**Task brief:** Reproduce the listing below from the line with "съемки, зоологические съемки)." to the line with "일반 와퍼와 동일한 사이즈이며, 따로 전용 포장지도 없어요.", both lines included, character for character, minus any pictures.

**Available data:**
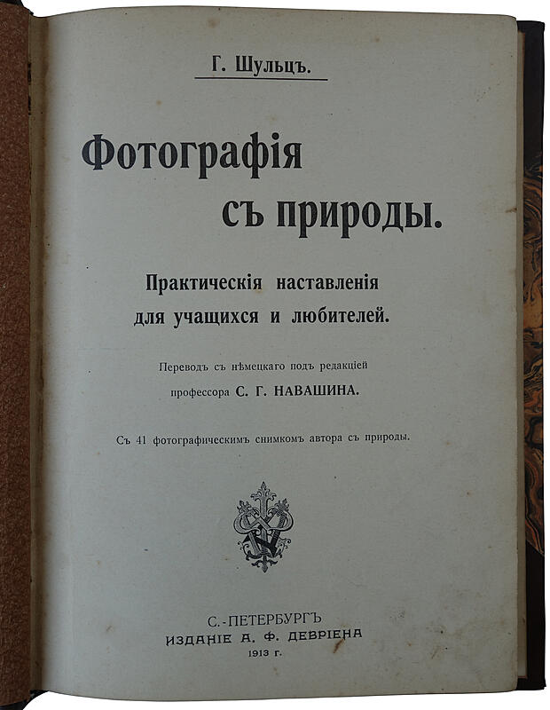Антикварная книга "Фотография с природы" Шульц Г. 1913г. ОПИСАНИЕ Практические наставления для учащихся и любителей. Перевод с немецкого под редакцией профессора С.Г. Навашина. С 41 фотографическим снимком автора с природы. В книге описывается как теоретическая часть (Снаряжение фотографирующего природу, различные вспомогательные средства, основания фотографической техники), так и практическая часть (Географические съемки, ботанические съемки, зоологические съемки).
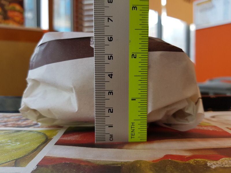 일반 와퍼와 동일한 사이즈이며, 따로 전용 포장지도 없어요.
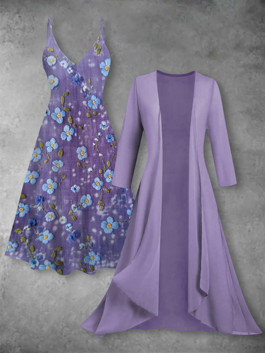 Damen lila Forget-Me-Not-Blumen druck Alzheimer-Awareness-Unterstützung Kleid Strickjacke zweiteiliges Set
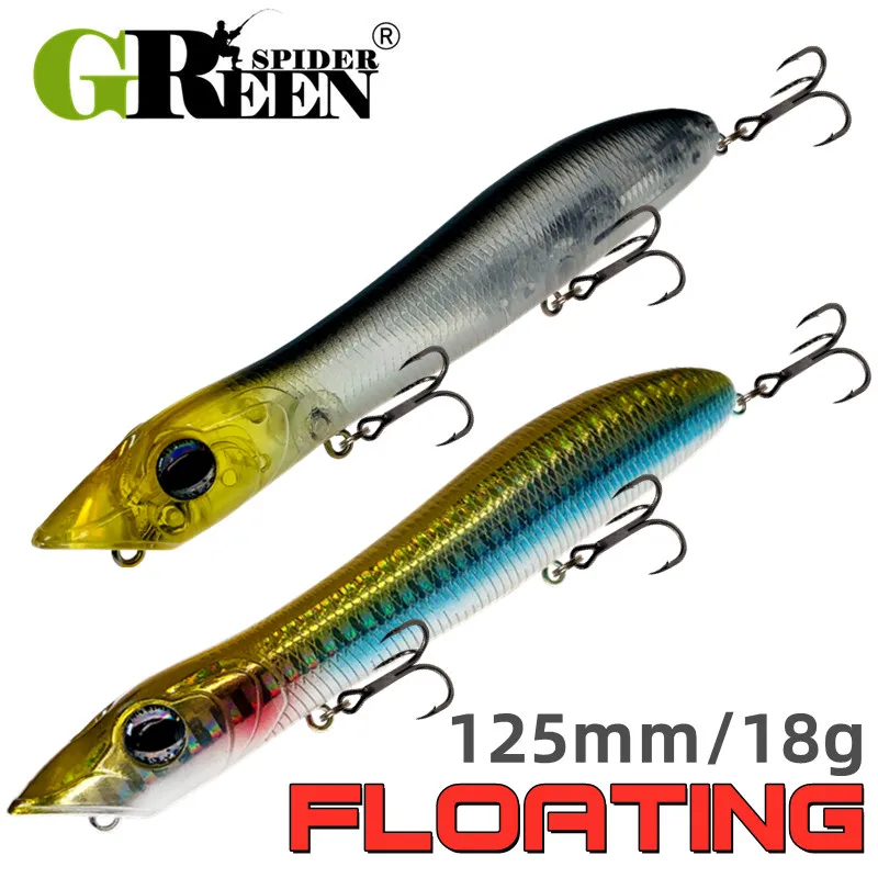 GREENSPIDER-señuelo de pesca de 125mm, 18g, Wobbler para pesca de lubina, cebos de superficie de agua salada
==
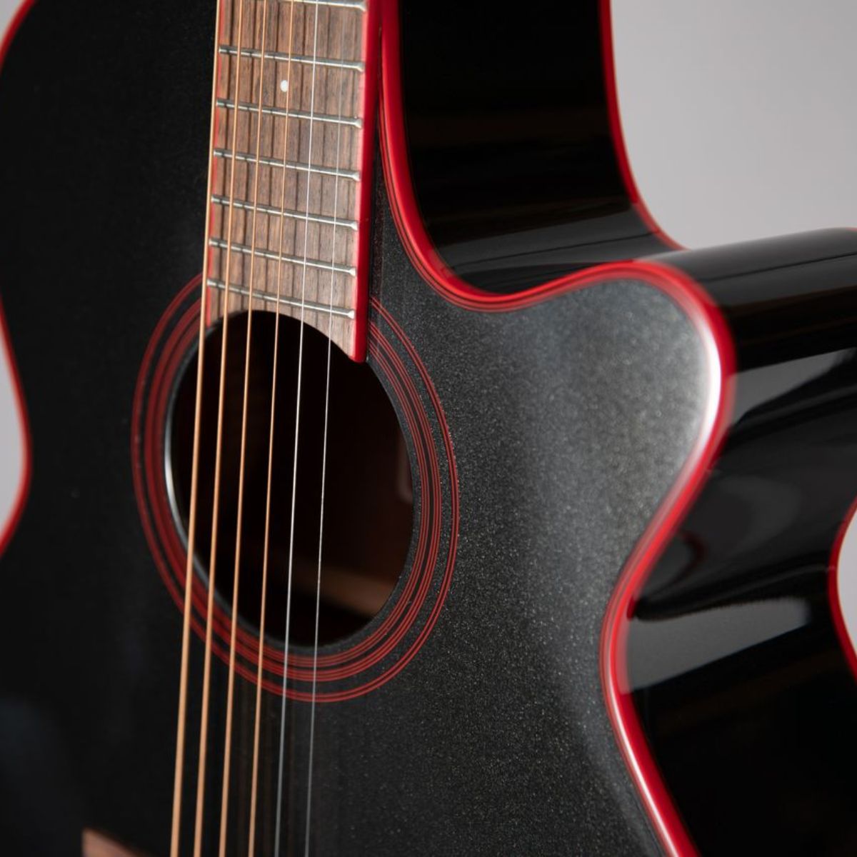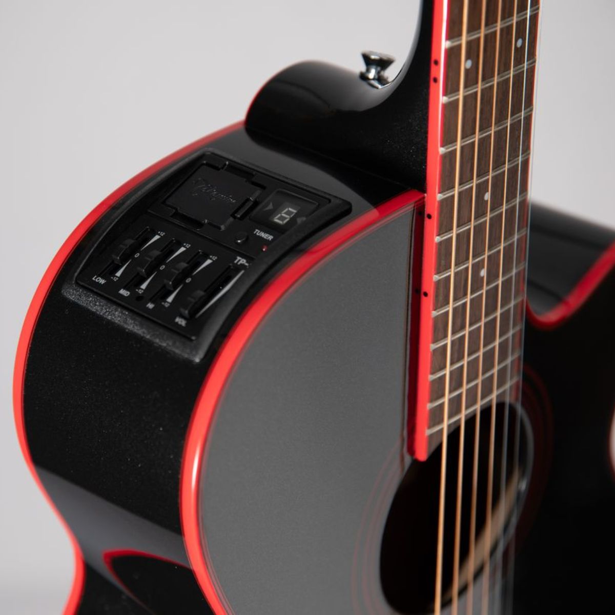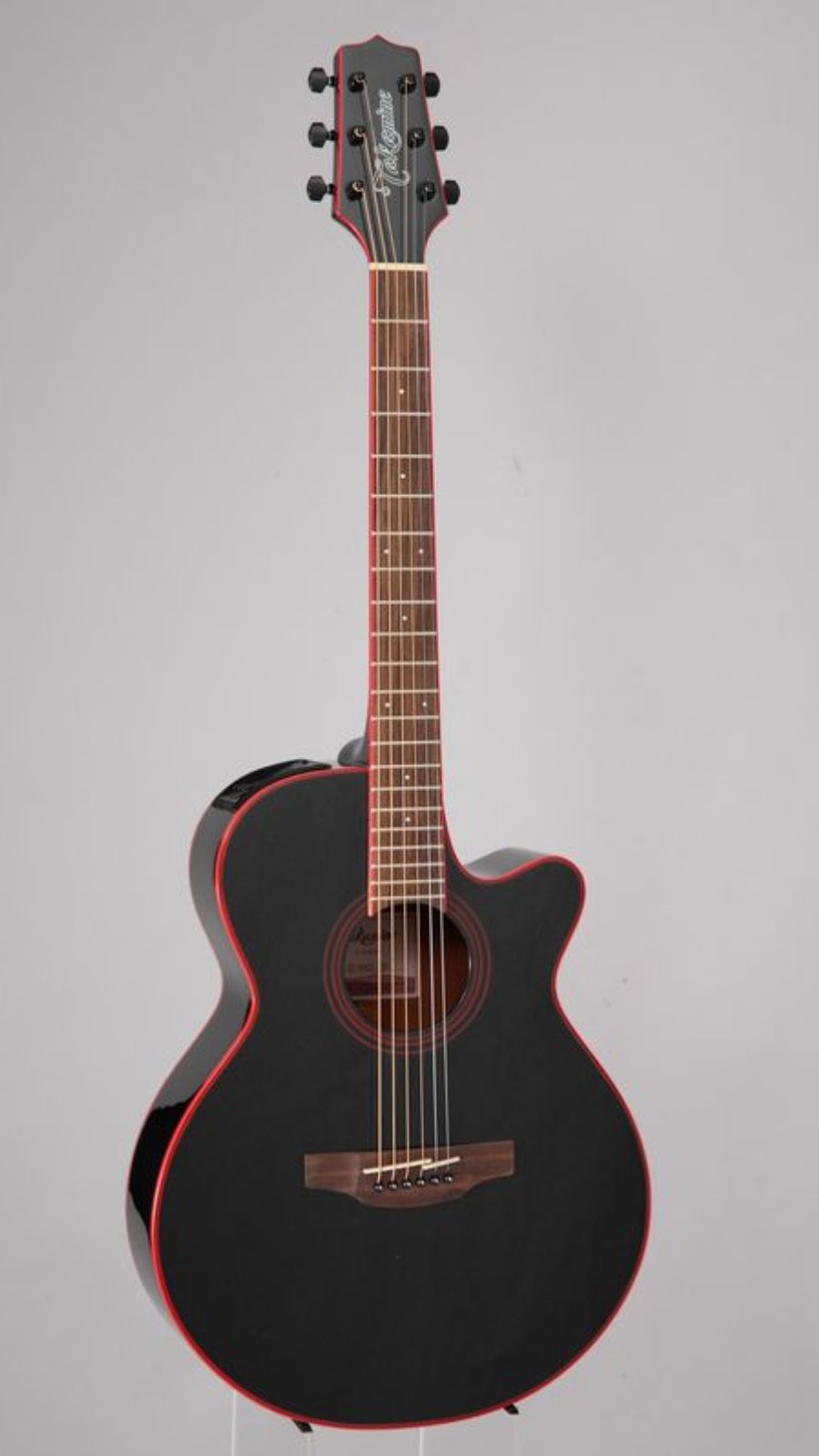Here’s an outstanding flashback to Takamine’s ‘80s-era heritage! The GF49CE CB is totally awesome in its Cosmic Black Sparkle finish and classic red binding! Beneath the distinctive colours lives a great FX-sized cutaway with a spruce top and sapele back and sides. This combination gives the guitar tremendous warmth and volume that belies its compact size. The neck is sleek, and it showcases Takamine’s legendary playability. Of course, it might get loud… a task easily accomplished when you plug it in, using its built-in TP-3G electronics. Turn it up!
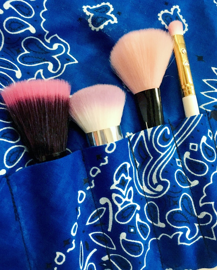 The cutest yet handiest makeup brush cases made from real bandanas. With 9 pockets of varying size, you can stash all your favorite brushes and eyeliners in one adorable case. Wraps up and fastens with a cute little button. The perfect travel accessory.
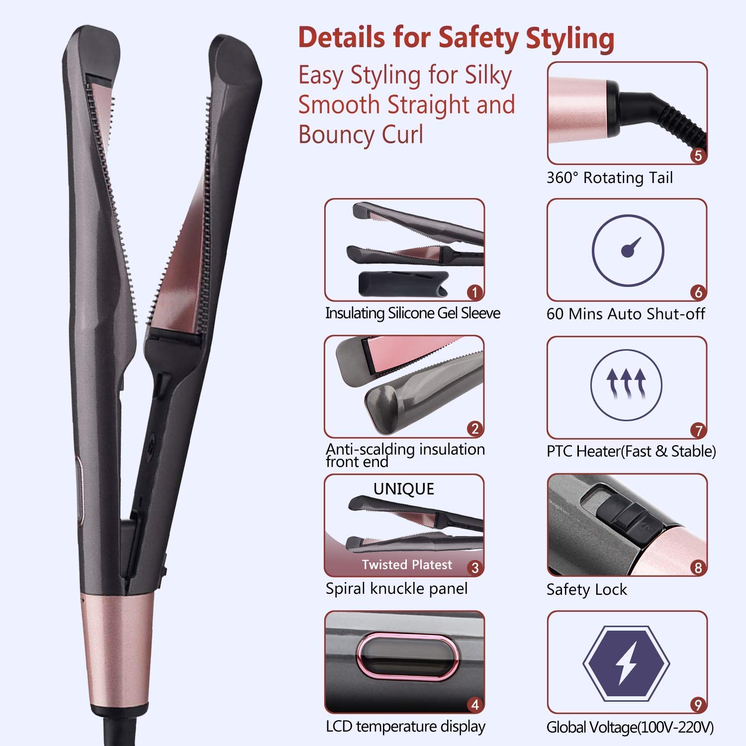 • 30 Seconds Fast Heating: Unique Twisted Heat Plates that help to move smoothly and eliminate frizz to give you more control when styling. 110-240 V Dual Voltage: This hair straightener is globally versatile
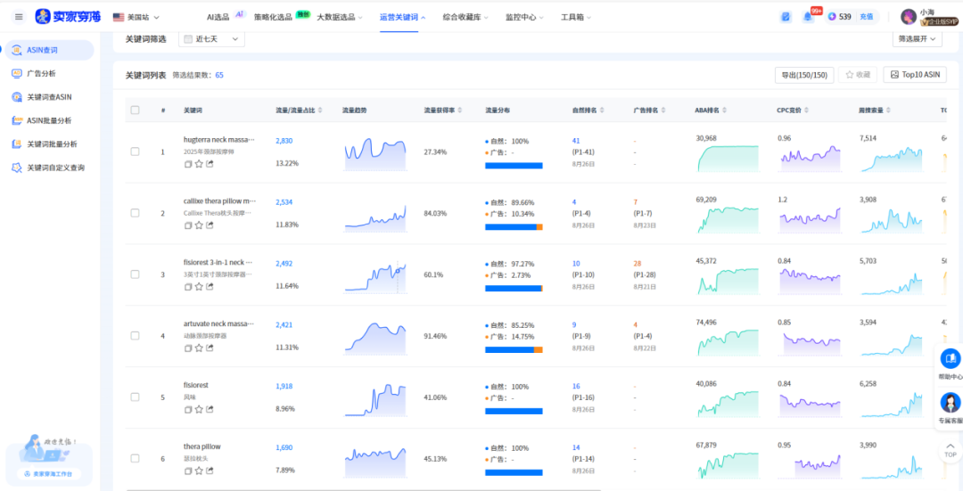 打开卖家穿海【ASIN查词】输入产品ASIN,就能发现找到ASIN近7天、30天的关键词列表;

**Written answer:**
Антикварная книга "Фотография с природы" Шульц Г. 1913г. ОПИСАНИЕ Практические наставления для учащихся и любителей. Перевод с немецкого под редакцией профессора С.Г. Навашина. С 41 фотографическим снимком автора с природы. В книге описывается как теоретическая часть (Снаряжение фотографирующего природу, различные вспомогательные средства, основания фотографической техники), так и практическая часть (Географические съемки, ботанические съемки, зоологические съемки).
 일반 와퍼와 동일한 사이즈이며, 따로 전용 포장지도 없어요.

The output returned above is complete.